The saga has been ongoing since the end of last season, but Spurs are happy to let the clock tick down towards the end of the transfer window at 11pm on Monday night.
Levy is happy to make Madrid wait, having grown unhappy with Real’s courting of the Welshman. Number 11 shirts with ‘Bale’ on the back were prematurely available to buy from the official Madrid shop, while a section of the Bernabeu has been closed off to make way for the stage which Bale is to be unveiled on.
If that is not Madrid counting their chickens before they are hatched, I don’t know what is.
However, Tottenham’s stalling is not merely out of spite. Rather, Arsenal have been told they can sign their Madrid targets once the Spaniards have secured Bale’s signature. The Gunners have missed Friday’s 5pm deadline that would have allowed any new signings to play in the weekend’s north London derby, but ahead of the race for fourth place, Levy has moved to make sure Arsene Wenger will be hard pushed to finalise any deals before the end of the transfer window.
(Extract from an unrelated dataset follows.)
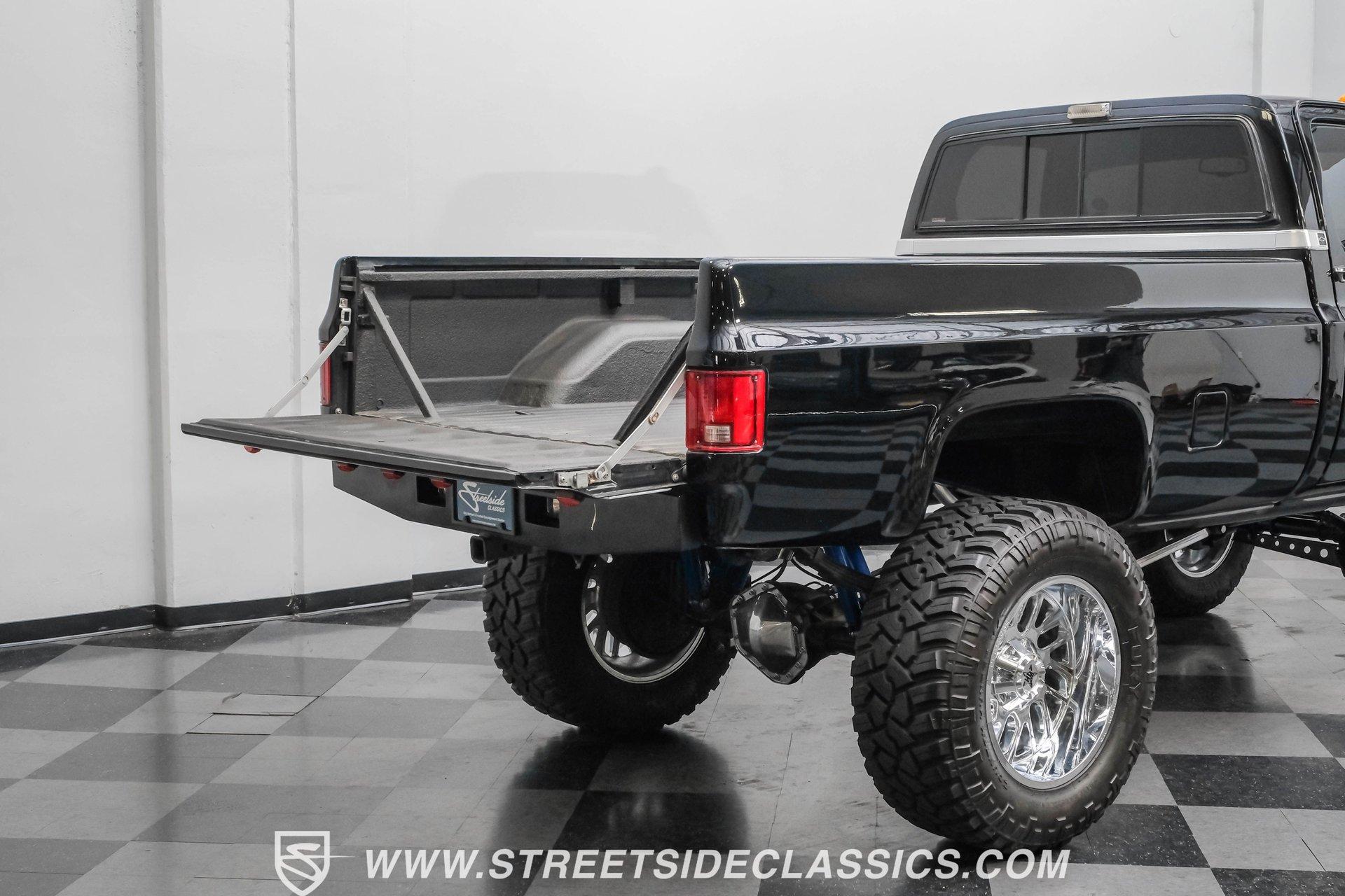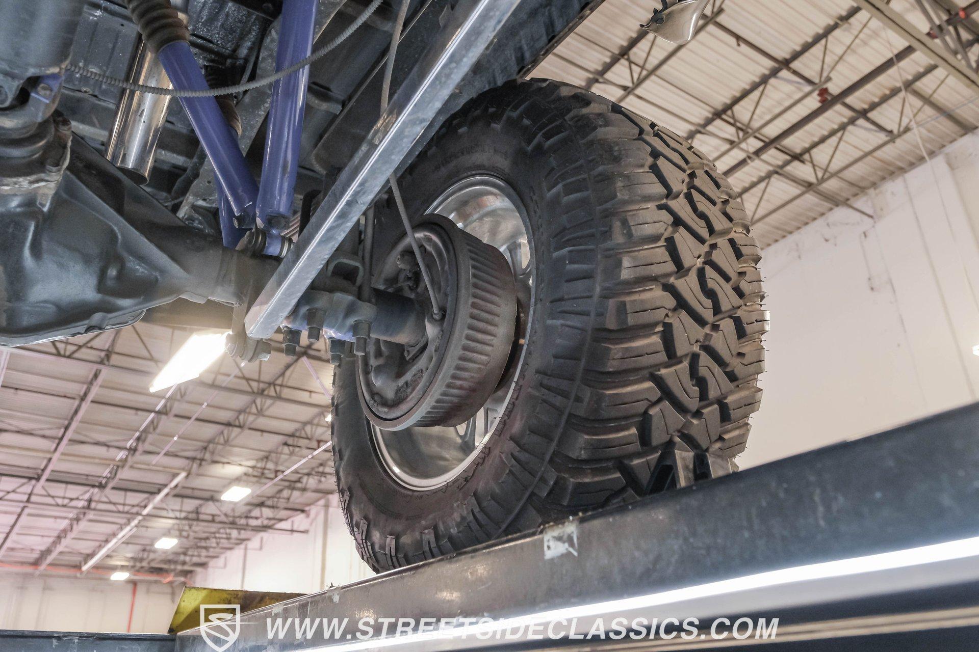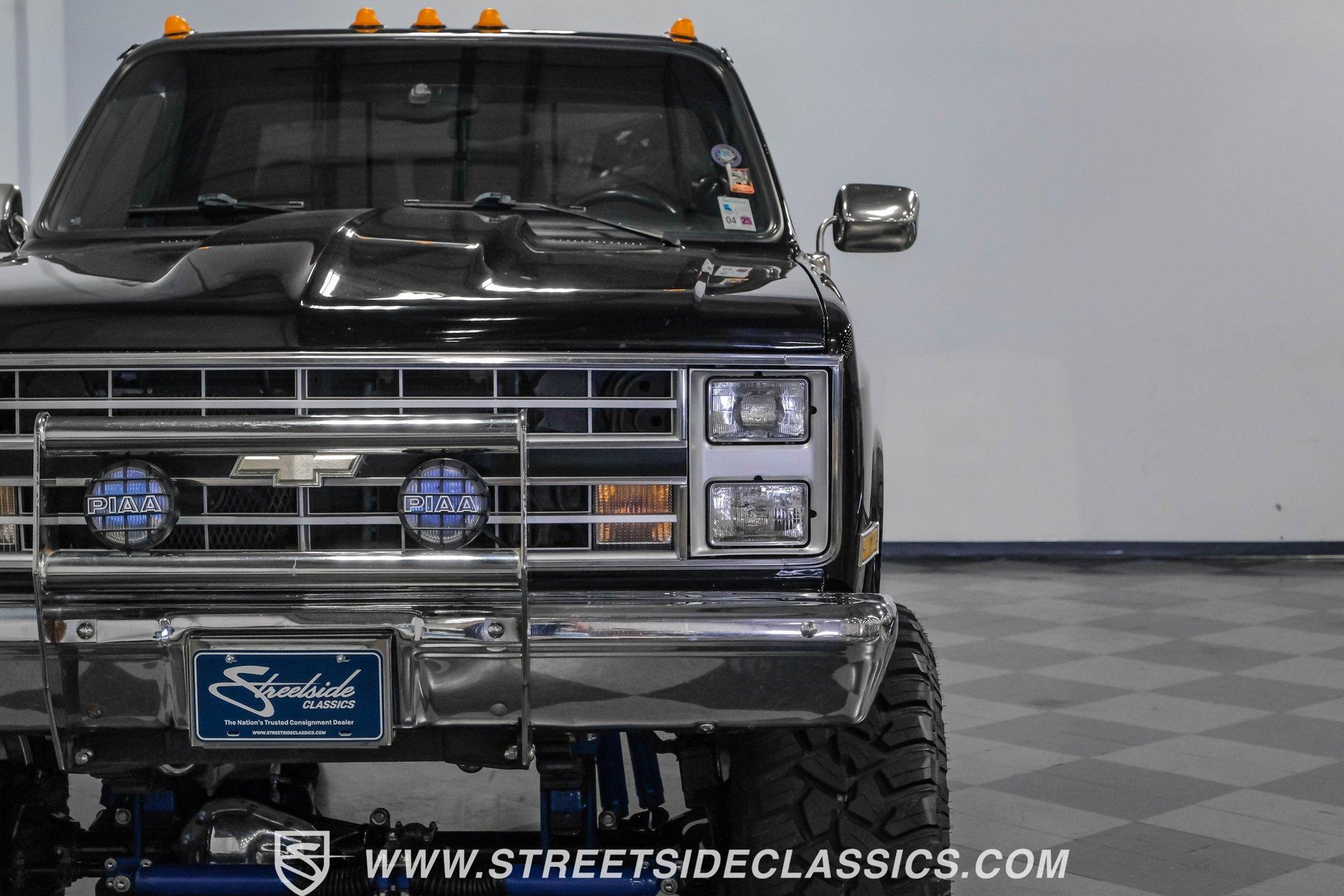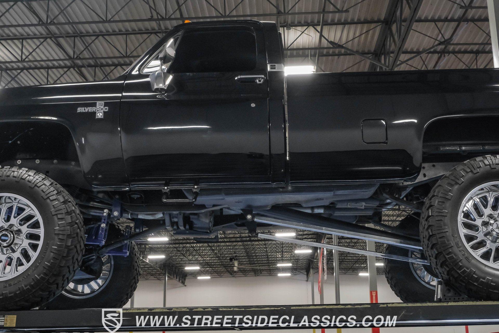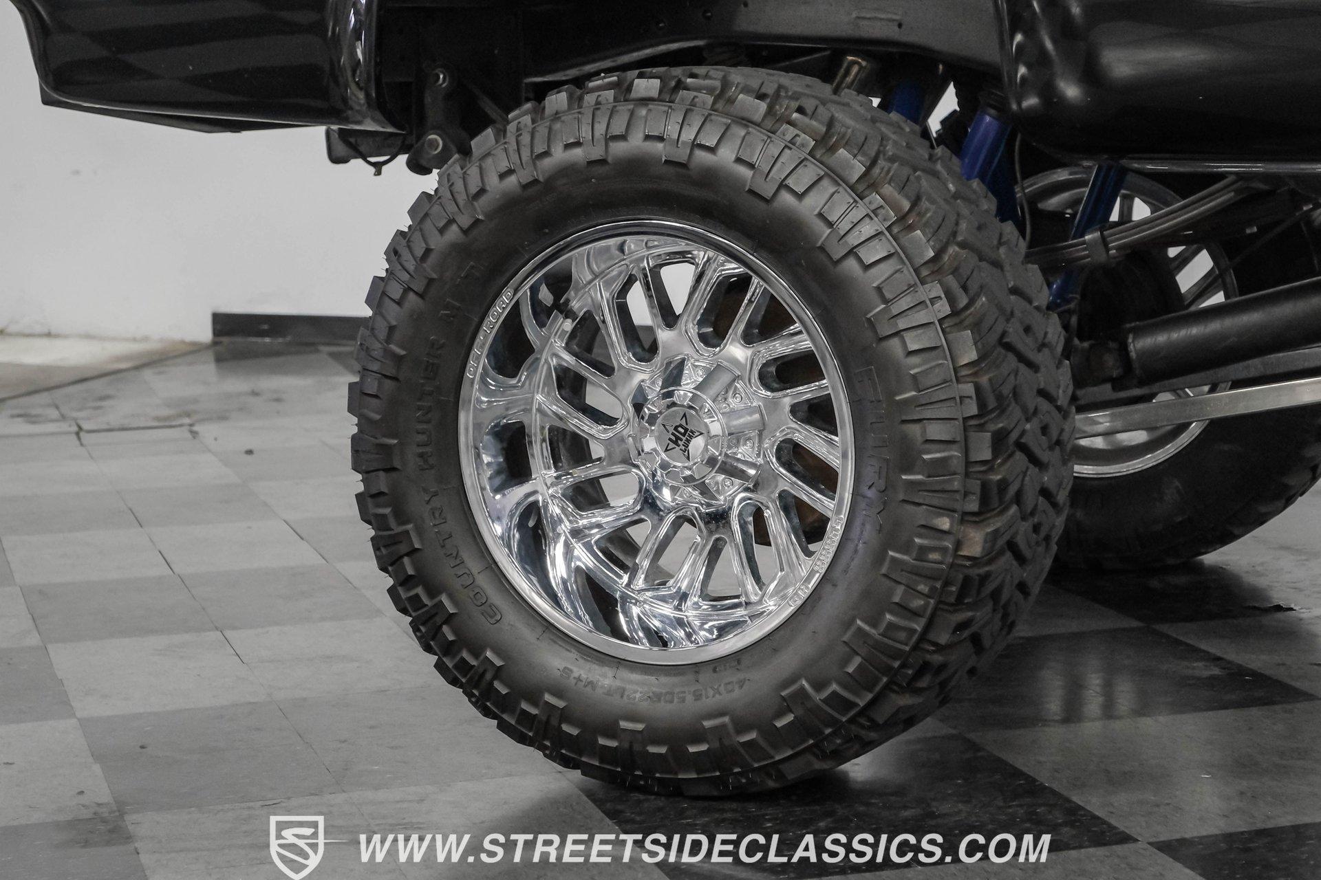 Here is one big, big truck that looks awesome and mean at the same time. It's a 1986 Chevrolet K30 Silverado 4x4 that has all the goodies a truck enthusiast would want. The paint job is excellent and pairs perfectly with the chrome. The wheels and tires give this beast a menacing look, and with four-wheel drive, it probably can go anywhere it wants. The chrome front bumper looks great and the rear has a flush mounted black steel custom bumper, and when you tie that in with the cowl induction hood, you have one well-put-together truck. There are also clearance lights on top and PIAA lights on the grille for added visibility. And for extra protection, it comes with a spray-in bed liner and two functional fuel tanks. The interior is very nicely done with a Charcoal Gray and Black color theme. The gauge cluster holds its original configuration, with a mounted AutoGauge tachometer on top of the dashboard. Just off to the right are your heat and air conditioning controls, and below that is a JVC AM/FM radio with Aux inputs and Bluetooth. For steering, you get a GT steering wheel and a tilt steering column with column shifting, while engaging four-wheel drive requires the floor shifter. The bench seats look to be in very good shape, as do the dash, headliner, carpets, and door panels. And along with the bench seat, it features a center console above for those little things you usually keep in one. A big truck like this needs big power, and that's exactly what this Chevy has. Under the hood is a BluePrint 540 cubic-inch crate engine that's been dynoed at 704 horsepower and 703 lb-ft of torque. This engine is equipped with aluminum BluePrint heads, a healthy cam, and a Weiand intake with a Holley 4-barrel carburetor. Power is sent through a TH400 transmission that connects to axles that harbor 4.56 gears. For suspension, both the front and rear use leaf springs and shocks-two sets of shocks per side in the front and three shocks per side in the rear. This beautiful truck rides on 22-inch Luxx wheels wrapped in massive 40x15.50R22 Fury tires. Front power disc brakes combined with rear power drum brakes bring this beast to a stop. And for a sound that matches its monstrous vibe, the engine exhales through long-tube headers, dual exhaust, and a set of Flowmasters. Highlights: BluePrint 540 Cubic-Inch Crate Engine Dynoed At 704 Horsepower And 703 LB-FT Of Torque (With Dyno Sheet) Aluminum BluePrint Heads Healthy Camshaft Weiand Intake With Holley 4-Barrel Carburetor TH400 4-Speed Transmission 4.56 Gears Front And Rear Leaf Springs Two Shocks In The Front On Each Side And Three On Each Side For The Rear Front Power Disc Brakes 22-Inch Luxx Wheels With 40x15.50R22 Fury Tires Power Windows And Locks Functional Dual Fuel Tanks Heat And Air Conditioning Tilt Steering Wheel Overhead Console For Storage Aftermarket Rearview Mirror With Temp Readouts and Compass GT Steering Wheel Aftermarket Clearance Lights And PIAA Lights Big, bold, and in control-that's what this 1986 Chevrolet K30 Silverado 4x4 is all about. If you like driving above traffic, you'll feel like the king of the road in this monster. For more info, Call Us Today!

Karim Benzema, Mesut Ozil and Angel Di Maria have all been linked with moves to the Emirates, but while Bale’s deal could still fall through, Madrid are refusing to give way. Spurs manager Andre Villas-Boas has insisted Bale’s transfer will only go through on Tottenham’s terms, but the club have pulled off a masterstroke when it comes to the politics of football in north London.
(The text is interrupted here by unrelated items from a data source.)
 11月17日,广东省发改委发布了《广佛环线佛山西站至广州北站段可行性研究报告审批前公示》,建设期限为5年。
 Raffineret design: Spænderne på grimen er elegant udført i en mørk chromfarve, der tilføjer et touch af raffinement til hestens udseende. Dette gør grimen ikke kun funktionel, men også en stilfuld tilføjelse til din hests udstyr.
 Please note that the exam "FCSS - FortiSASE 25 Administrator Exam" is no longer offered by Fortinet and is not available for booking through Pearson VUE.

Spurs should, in theory, have been the ones who suffered this summer losing their best player. But while Arsenal fans have endured the most uneventful of transfer windows, a little further up the Seven Sisters road, their closest rivals have signed Roberto Soldado, Nacer Chadli, Paulinho, Erik Lamela, Vlad Chiriches and are close to completing a deal for Ajax’s Christian Eriksen.
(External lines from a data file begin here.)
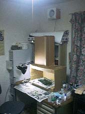 次に塗装で舞い上がる塗料やシンナーを効率よく換気扇に導く方法を研究します。実はわたしの模型の机のすぐ後ろがパソコンの背面がありまして、塗装すると結構ヤバイ配置となっております。(まずその配置を変えろという噂もありますが...)まあ、これについてはちょうど使っていなかった2mほどのロールカーテンがありましたので、これを天井に取りつけ、塗装の時に下ろし、部屋を分割することで対応します。さらに、塗装ブースを作り、ここから換気扇に舞い上がる塗料やシンナーを持っていくことができれば、部屋の空気はクリーンなままに保つことができるでしょう。そこで実験と言うことで、段ボール箱を利用して塗装ブースの試作品を作ってみました。(非常に粗末なもので恥ずかしいのですが右の写真です)工場の煙突をイメージして作ってみたのですが、換気扇と煙突が離れているため、当然効果はありませんでした。そこで煙突と換気扇を筒でつなげてみると、良く吸い込みました。つまり、換気扇に直につなげる事がポイントとなります。あと、問題なのは塗装スペースは正面以外を覆ってしまったので、照明があたらないのと、大きな物がブースに入らない事です。塗料をまき散らさないためには有効なのですが、次回はこの辺も考慮に入れて研究していきたいと思います。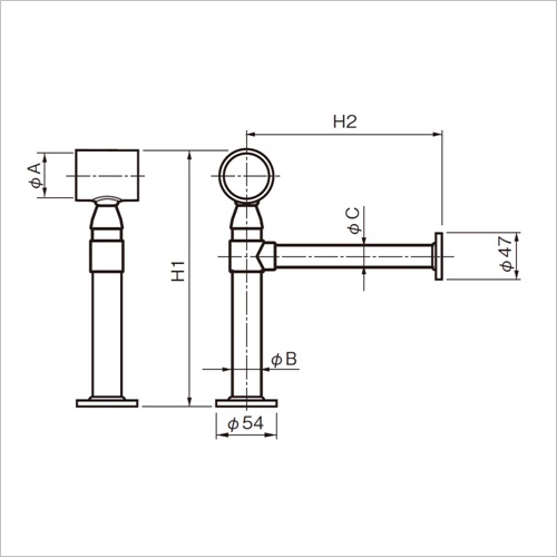左右の勝手違いの必要がなく、ブラケットの回転によって左右の使用が簡単に切り替えられます。 また、現場の都合により、巾木部位置(上下、左右)の変更も巾木部の回転締付により随意変更可能です。 [サイズ]H1:213mm、H2:180mm、A:32.5mm、B:25mm、C:19mm [本体重量]491g [付属品]SUS皿木ネジ3.8×32:3本(床用) SUS皿木ネジ3.1×20:3本(壁用) [材質]SUS304・ZDC [仕上]研磨・電気亜鉛メッキ 【ご注意】取付ピッチは500mm以下をお薦めいたします。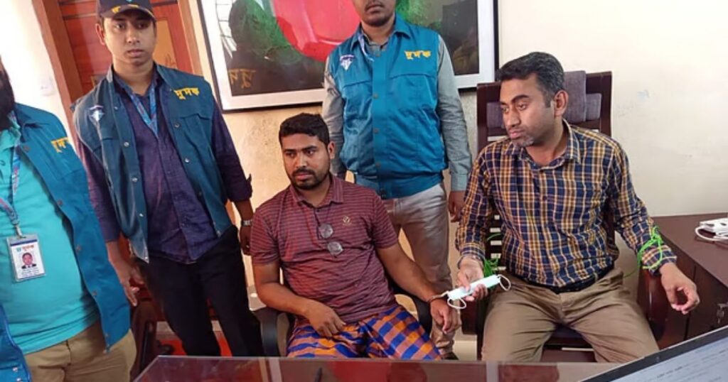 দুর্নীতি দমন কমিশন (দুদক) ফেনীর সোনাগাজী উপজেলায় এক লাখ টাকা ঘুষ নেওয়ার সময় উপজেলা প্রকল্প বাস্তবায়ন কর্মকর্তা (পিআইও) মোহাম্মদ আল সাঈদ এবং তাঁর এক কার্যসহকারীকে হাতেনাতে আটক করেছে। ঘটনাটি ঘটে বৃহস্পতিবার (২৬ ফেব্রুয়ারি) দুপুরে উপজেলার পিআইও কার্যালয়ে। এই দুই প্রতারকের মধ্যে রয়েছেন সংশ্লিষ্ট পিআইও মোহাম্মদ আল সাঈদ এবং কার্যসহকারী আবু নাসের।

The general consensus at White Hart Lane is that Spurs may have lost their prize pig, but the squad is all the stronger for it.
The blame for Arsenal’s quiet summer is not entirely Arsene Wenger’s, though he will take the most flack for it. Arsenal lack what Tottenham proudly possess: a chairman who has business in his blood. Levy has rectified the mistakes of last season, where Luka Modric and Rafael van der Vaart were sold before finding adequate replacements.
Tottenham are holding all the cards, and there is nothing either Arsenal or Real Madrid can do but play a seemingly interminable waiting game.